Когда в бане на помывке ему кинули к ногам кусок серого мыла и вафельное полотенце — Игорь лишь презрительно отшвырнул их ногой. Он был наслышан о подобных подвохах и вел себя осмотрительно. Но сто семнадцатая — есть сто семнадцатая, и когда он “заезжал” в камеру, то больше всего опасался, что бугор отряда поставит ему “минус” и что его тут же начнут бить все разом, сообща. К счастью, юный бугор отряда придерживался других принципов, более гуманных.
— Стой здесь, — рявкнул бугор, приказывая ему остановиться возле дальняка, то есть параши.
Игорь повиновался и затравленным взглядом оглядел барак. Десятка два наглых, ухмыляющихся лиц, лежа на шконках, пялились на него.
— Здравствуй, Маша, — сказал один из заключенных.
— Я не Маша, — возразил Игорь.
— Нет, ты Маша, — ласково произнес зек. — Машенька, Машутка.
Послышался дружный смех, который звучал хрипло, надсаженно и походил на коллективный кашель. Бугор отряда сделал знак одному из своих шестерок проверить “Машу” на предмет подлинности, уж не выдает ли себя “Маша” за кого другого, не втирает ли уркам очки?
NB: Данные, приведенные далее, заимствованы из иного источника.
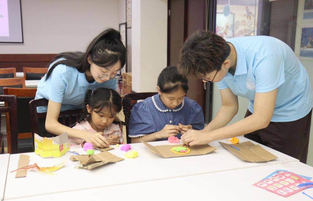 活动中,志愿者们带领社区的小朋友们,利用前一天在街边回收的纸板和水瓶,通过巧妙改造和创新设计,将这些废弃物变为充满童趣和创意的手工艺品。小朋友们与志愿者们组队合作,发挥想象力,将废品赋予了新的生命和价值,展现了“变废为宝,二次造物”的环保理念。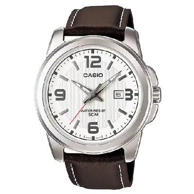 Casio Collection Analog MTP-1314L-7AVDF White Dial Leather Strap Men's Watch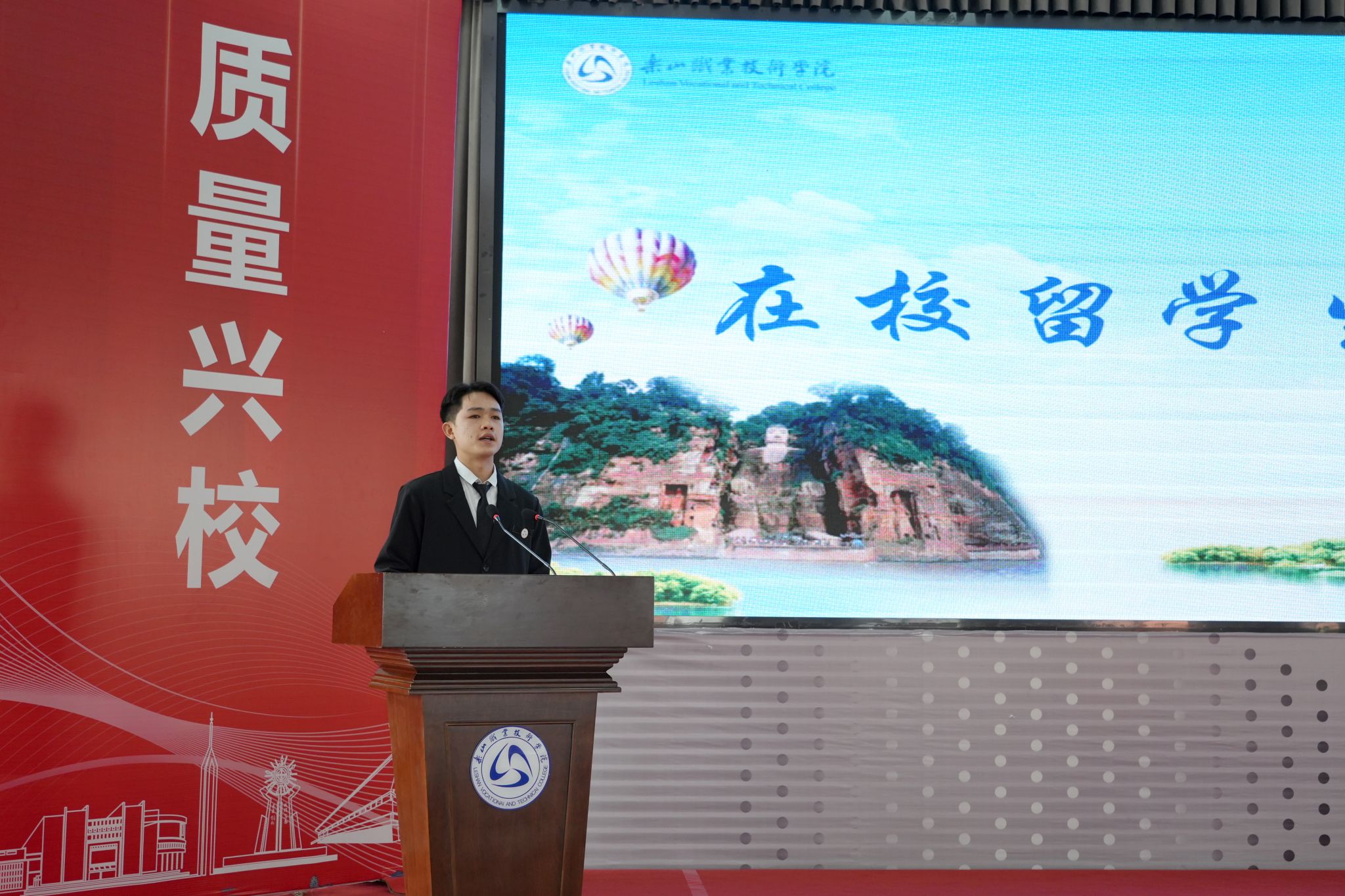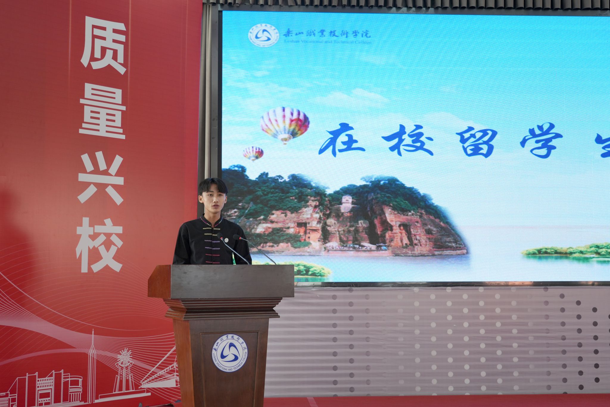 来自素质教育学院的教师代表唐婧结合教学实践,为来华留学生提供了实用的学习与生活建议,表达了全体教师对同学们的全力支持与关怀。来自老挝的在校生代表阿恒分享了在乐山职业技术学院学习生活的收获与体会,为学弟学妹提供了有益借鉴。来自旅游管理专业的新生代表肖平在发言中表达了对未来学业的期待与立志成才的决心。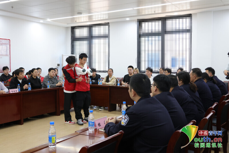 图为师生们为戒毒所民警讲授海姆立克急救法。杨濡汇 供图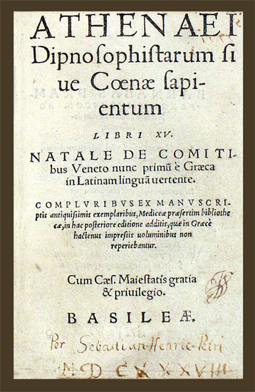 Athenaeus: Dipnosophistarum sive Coenae sapientum Libri XV / Natale de comitibus Veneto nunc primu[m] è graeca in latinam lingua(m) vertente. Compluribus ex manuscriptis antiquissimis exemplaribus, … in hac posteriore editione additis, quae in graecè hactenus impressis voluminibus non reperiebantur. Basel, (Henri Petri, August 1556) 8°. (26) Bl., 1122 S. Pappband um 1820 mit rotem goldgeprägtem Rückentitel.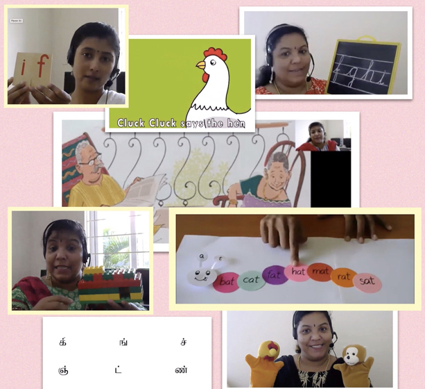 Our Kindergarten teachers conduct interactive ZOOM sessions to handle reading via Phonics, cursive writing, storytelling, Math and STEM based activities. In addition, they share creative videos after class to help reinforce concepts taught in class.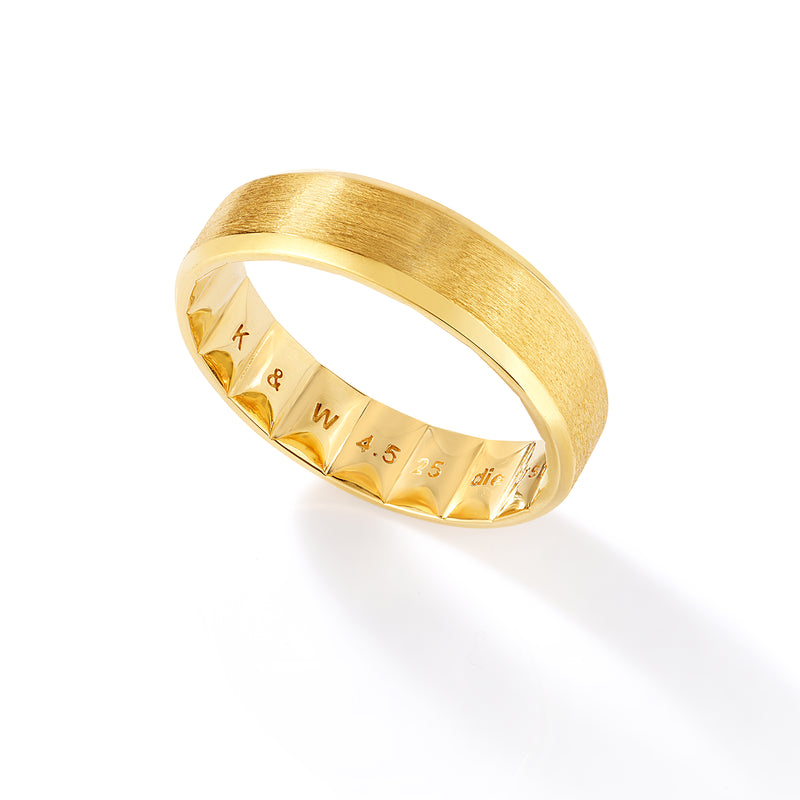 Men's Gold Wedding Ring Matte Finish with Polished Edges with Pattern on Inside with Built in Engraving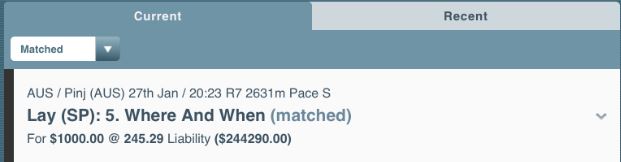 Attached is a SP bet placed on 'Where And When' the other night. It was for $1000 liability. You'll note that the confirmed bet displays that my liability if the horse wins, is $244,290! What the.....?? I raised it with them some time ago and their response was: "Our Technical team have discovered that the issue is a bona fide 'bug'. Whenever someone places an SP lay bet with an odds limit, the liability will be mis-reported as though it was the profit of a back bet. They've also advised that internally, the bet is processed correctly, so I can assure you that the intended liability is the actual liability and all bets will be settled correctly. The error has been escalated onto our mobile development team and will be fixed in a future release." |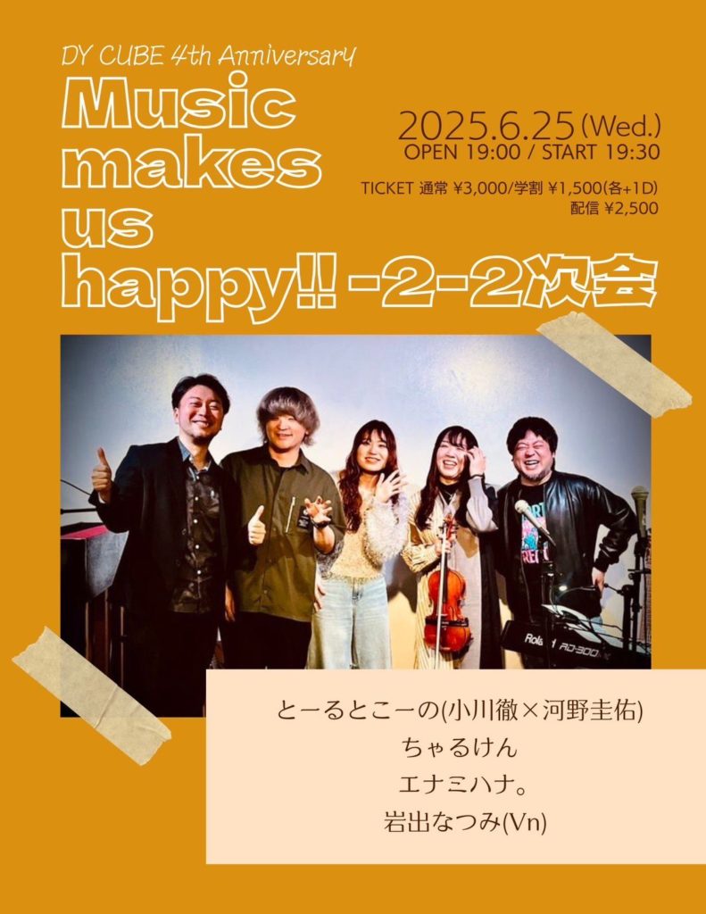 ライブ 2025.06.25(水)関東 『DY CUBE 4th Anniversary 「Music makes us happy!!-2-2次会」』 会場:下北沢DY CUBE OPEN-19:00 / START-19:30 一般¥3,000 / 学割 ¥1,500(各+1d) 配信 ¥2,500 ちゃるけん/とーるとこーの(小川徹 × 河野圭佑)/エナミハナ。/岩出なつみ(Vn) ツイート チケットを予約する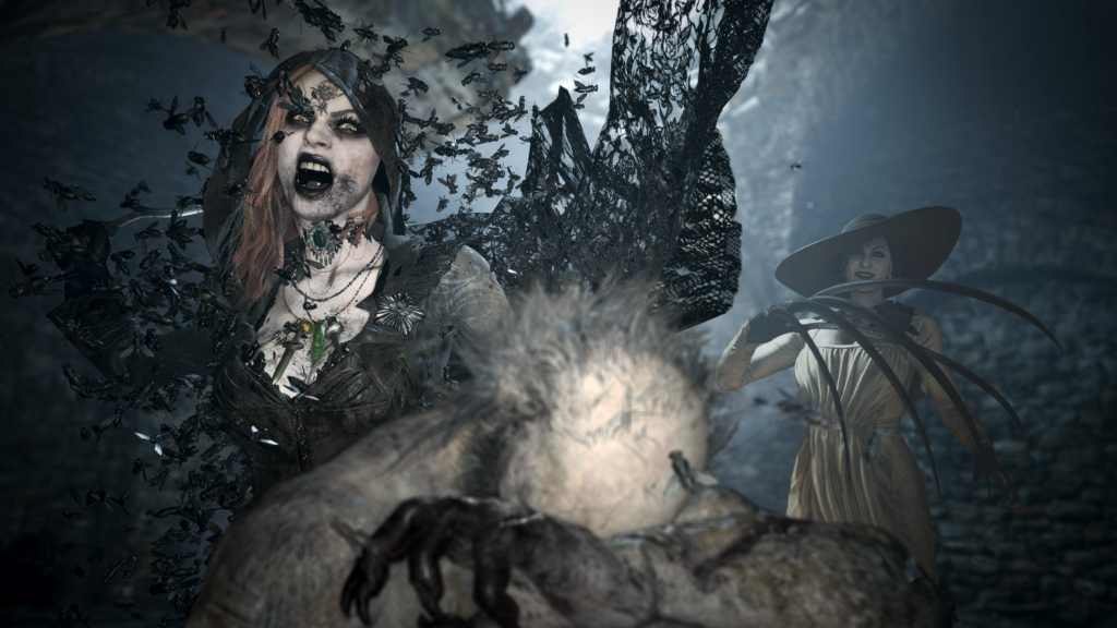 - Lady Dimitrescu dominera ses ennemis dans ce mode dynamique, où elle utilisera sa stature imposante de près de trois mètres de haut pour affronter Lycans et autres créatures ayant la malchance de croiser son chemin. En combat, elle accumulera sa jauge d’Extase en découpant ses adversaires en lambeaux avec ses griffes acérées comme des rasoirs. Cela lui permettra d’effectuer des actions spéciales comme abattre des ennemis avec encore plus de facilité ou invoquer ses filles démoniaques.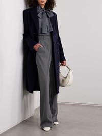 EDITORS'NOTES Valentino Garavani's pants have been tailored in Italy from a lightly structured wool-blend in an anthracite shade. They're designed to sit high on the waist and have pressed creases through the wide legs. Style yours with a tucked-in blouse or sweater. SIZE & FIT Model measurements: - Fits true to size, take your normal size - High-rise, designed for a wide-leg fit - Mid-weight, slightly stretchy fabric - Model is 175cm/ 5'9" and is wearing an IT 40 - Bust: 81cm/ 32" - Waist: 65cm/ 26" - Hip: 90cm/ 35" DETAILS & CARE - Anthracite wool-blend - Concealed button, hook and zip fastening at front - 98% virgin wool, 2% elastane; pocket lining: 100% silk - Dry clean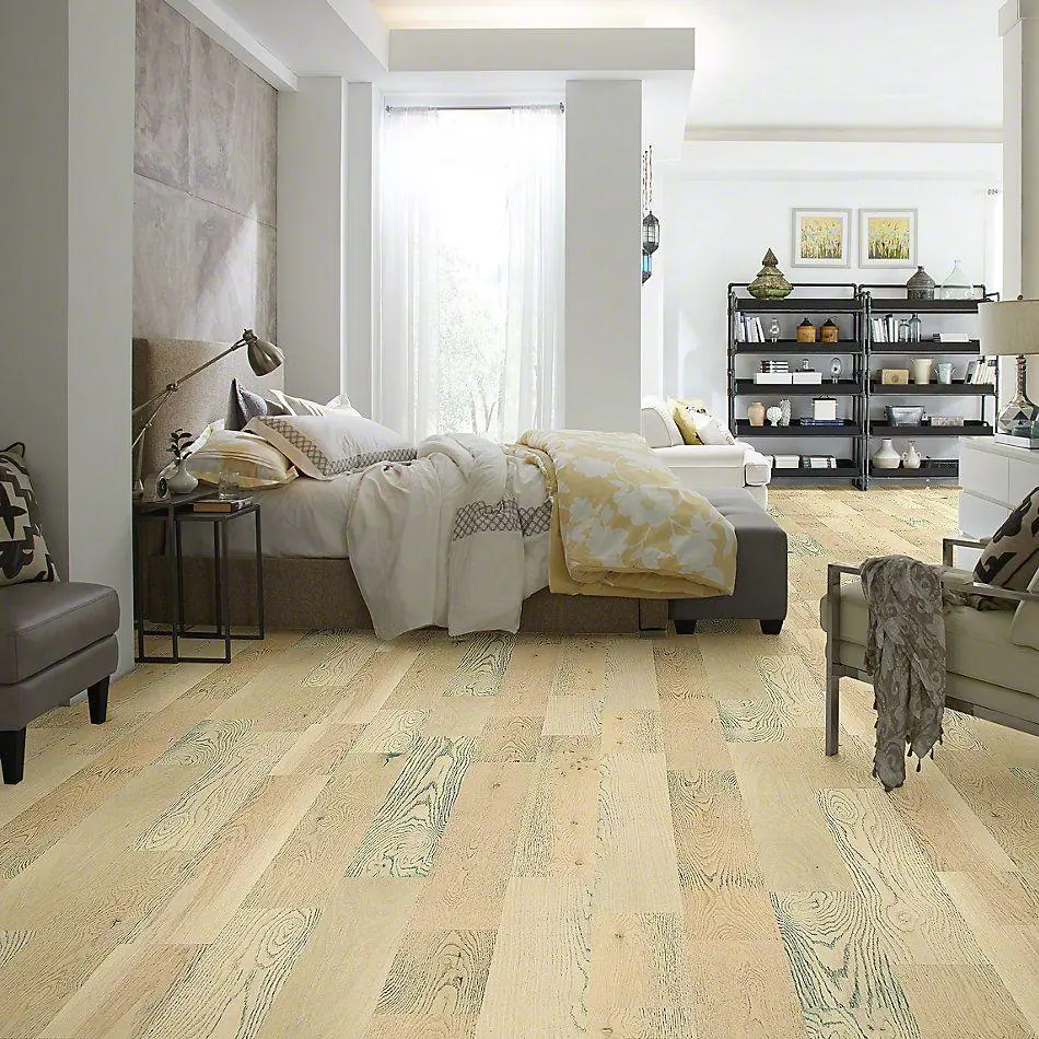 New yellow themed hardwood flooring and installation in a bedroom scene from Flooring Direct.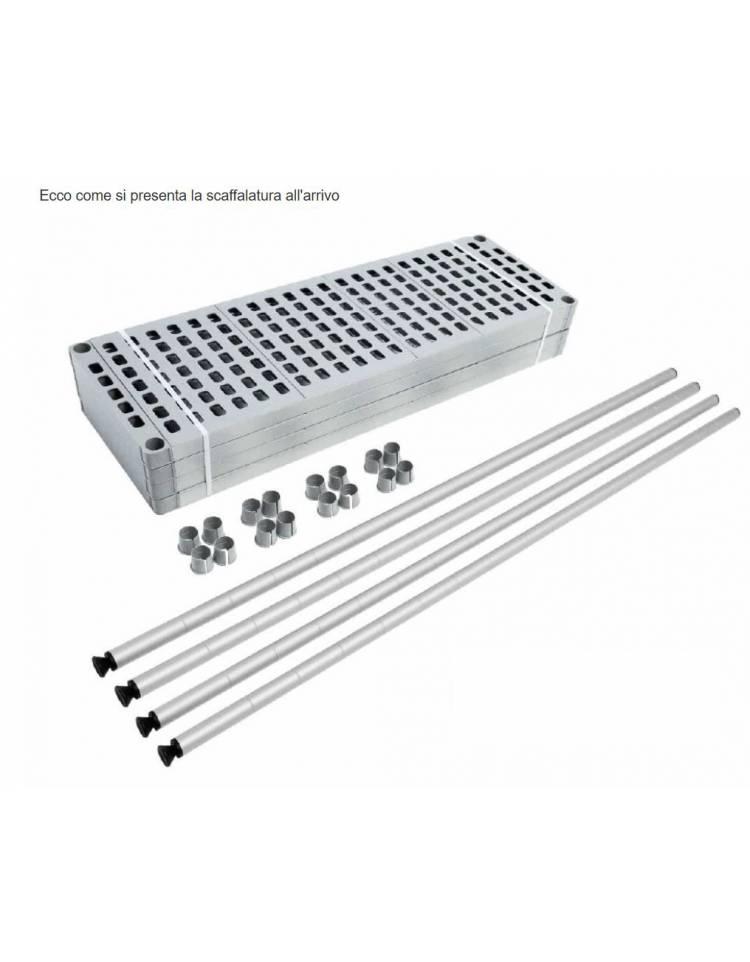 Scaffale in allumino a montaggio rapido ad incastro, composto da montanti in tubo alluminio Ø 35 mm,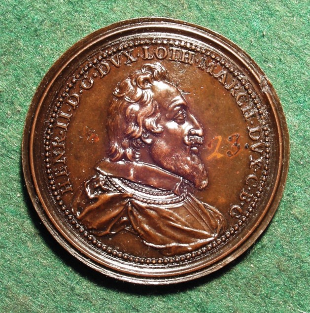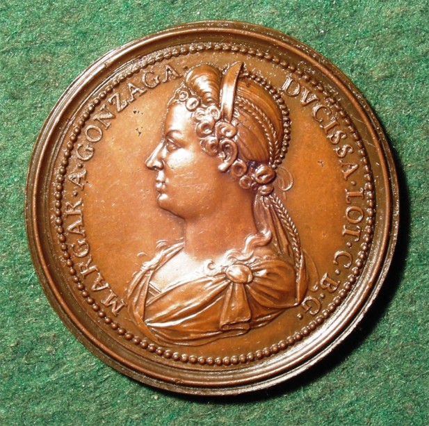 HENRY II OF LORRAINE AND MARGUERITE OF GONZAGA ST. URBAIN, Ferdinand de: Lorraine, ca. 1720, Bronze, 47 mm Henry (Henri) II, Duc de Lorraine (le Bon) (1563-1624) was the son of Charles III, Duc de Lorraine and Claude de Valois, Princesse de France. In 1599 he married his first wife, Catalina de Bourbon, Princesse de Navarre, daughter of Antoine, Rey de Navarre and Jeanne III, Reina de Navarre. In 1606 he married his second wife, Margherita Gonzaga. Henry, succeeded to the title of Duc de Lorraine in 1608 at the age of 45. However, as he had relatively little political experience, he came under the influence of others, the most prominent being Henry Ancerville, son of the Cardinal de Guise. Henry’s strong religious ties led to his becoming an ardent defender of the Counter-Reformation and encouraged him to issue several edicts ordering Protestants to leave Lorraine. Nevertheless, during the Thirty Years War, a wide ranging conflict fought largely between the Protestant and Catholic countries of Europe, Henry kept a neutral position and tried to play the role of conciliator among the warring parties. Margherita Gonzaga (1591-1632) was the daughter of Vincenzo I Gonzaga, 4th Duca di Mantova and Eleonora de Medici. The children of Henri and Margherita were Nicolaea, Duchesse de Lorraine and Claude de Lorraine. LINK to Image of Henri II, Duc de Lorraine (from wikipedia) LINK to Dukes and Duchesses of Lorraine Family Tree (from wikipedia.com) |

Нахальный малый азиатского типа развязной приблатненной походкой приблизился к Игорю, обошел его вокруг и встал за его спиной.
— Слышь, бугор, а зад у него ничего, клевый, — весело заявил он.
— А ты сними с него штаны, проверим, — посоветовал бугор.
Едва азиат дотронулся рукой до штанов Игоря, как новичок молниеносно ударил его локтем по носу, развернувшись, нанес второй удар и поверг его на пол, неподалеку от отхожего места.
Азиат стонал. Со шконок раздались крики. Кое-кто и вовсе повскакивал с них. Дескать, что за “непонятка” возникла, что это сто семнадцатая буреет? Бугор отряда рассудил иначе. Жестом римского императора он указал пальцем на одного из своих гладиаторов. Невысокого роста приземистый крепыш слез со шконки, твердой нормальной походкой подошел к новичку и остановился от него шагах в трех.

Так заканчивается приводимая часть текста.